The agent explicitly calls `yc-bench sim resume` to advance time. This design:
- Gives the agent control over pacing (plan before advancing)
- Creates a natural decision checkpoint between simulation steps
- Allows multiple CLI queries before committing to advancing
- If the agent stalls (N turns without resume), the loop forces one automatically
## Event System (`events.py`)
### Event Types (Priority Order)
| Priority | Event Type | Trigger |
|----------|-----------|---------|
| 1 | `task_completed` | Task reaches 100% in all domain requirements |
| 2 | `bankruptcy` | Funds drop below zero after payroll |
| 3 | `task_half` | Task reaches 50% progress milestone |
| 4 | `horizon_end` | Simulation time limit reached |
### Design Choice: Fixed Priority Ordering
Events at the same timestamp are processed in strict priority order. This ensures:
- Task completions (and their rewards) are processed before bankruptcy checks
- A task finishing on the same day as payroll can save the company from bankruptcy
- Deterministic behavior regardless of insertion order
### Event Identity (Deterministic UUIDs)
Event IDs use `uuid5` based on payload + timestamp + dedupe_key. This means:
- Same world state produces identical event IDs
- Deduplication is automatic (re-inserting same event is a no-op)

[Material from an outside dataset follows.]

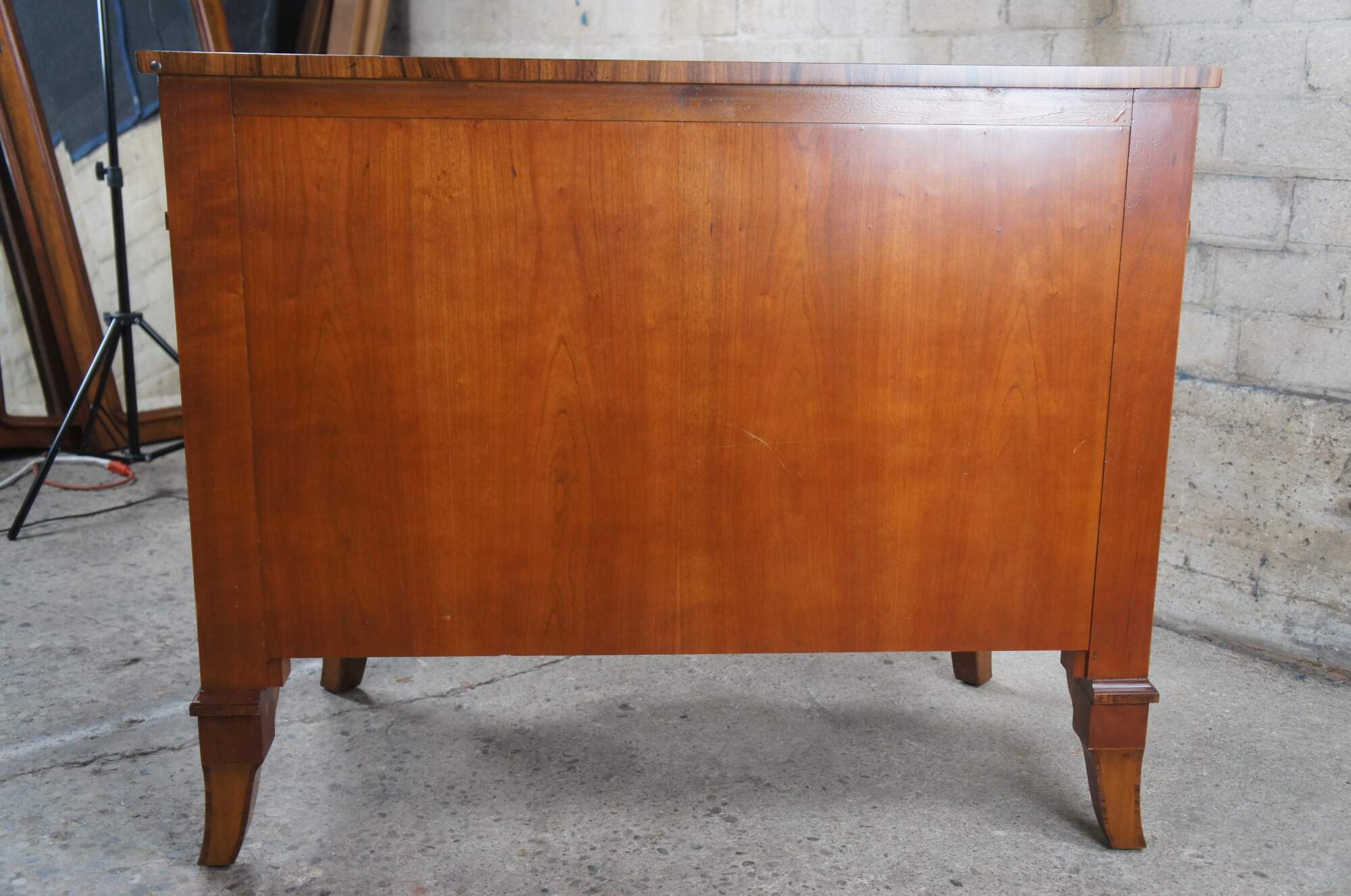 A spectacular English George III style chest of drawers by Baker Furniture. Part of the Stately Homes Collection, circa last quarter 20th century. The Stately Homes Collection encompasses recreations from furniture in palaces and castles of England, Russia and beyond. Made from Satinwood with crossbanded mahogany over a serpentine frame with canted angles. Features three graduated dovetailed drawers. Drawer fronts are centered by a ribboned floral marquetry inlay and flanked by pierced brass drawer pulls. The shapely top has impressive marquetry inlay with medallions and continuous tulips making up the shape of a flower. The case is raised over splayed feet and has a naturally Distressed finish. Marked Baker along the inside of uppermost drawer. Great for use as an entry console or dresser.

- Full reproducibility across runs with same seed
## Event Handlers (`handlers/`)
### `task_complete.py`
- Finalizes all domain progress to 100%
- Success check: `sim_time <= deadline`
- On success: add reward funds, add prestige per domain, boost employee skill rates, apply 1% salary bump
- On failure (late): apply prestige penalty per domain (configurable multiplier)
### `task_half.py`
- Marks progress milestone reached
- Informational event for agent awareness (no state changes beyond flag)
### `bankruptcy.py`
- Triggered when `funds_cents < 0` after payroll
- Terminates the simulation with bankruptcy outcome
### `horizon_end.py`
- Triggered at configured simulation end date
- Terminates the simulation with final scoring
## Progress Tracking (`progress.py`)
### Effective Rate Calculation
```
effective_rate = base_rate_per_hour / num_active_tasks_for_this_employee
```
**Design choice**: Throughput splitting creates a resource allocation puzzle. An employee assigned to 3 tasks works at 1/3 speed on each. The agent must balance parallelism vs. focus.
### Progress Flush
When `advance_time()` runs, it calculates work done since the last flush:
```
work = effective_rate × business_hours_elapsed
completed_qty += work (capped at required_qty)
```
## Business Time (`business_time.py`)
### Design Choice: Business Hours Only
Work only happens during business hours (weekdays, configurable hours per day). This adds:
- Realistic scheduling constraints
- Weekend gaps that affect deadline calculations
- A reason for the agent to think about calendar timing
## ETA Solver (`eta.py`)
### Completion Time
```
solve_task_completion_time():
For each domain d:
remaining[d] = required_qty[d] - completed_qty[d]
rate[d] = sum(effective_rate for assigned employees with skill in d)
time[d] = remaining[d] / rate[d]
completion_time = max(time[d]) across all domains
```
### Design Choice: Multi-Domain Bottleneck
A task completes when ALL domains finish. The slowest domain determines completion time. This creates interesting assignment puzzles where the agent must identify and address bottlenecks.
### Halfway Time
Used for progress milestone events. Calculated as the weighted midpoint across domains.
## Prestige Decay
```
apply_prestige_decay(session, company_id, days_elapsed, cfg):
for each domain:
prestige -= decay_per_day × days_elapsed
prestige = max(prestige, prestige_min) # floor at 1.0
```
**Design choice**: Decay prevents "set and forget" strategies. The agent must continuously work in domains to maintain access to high-tier tasks. Neglected domains revert to baseline.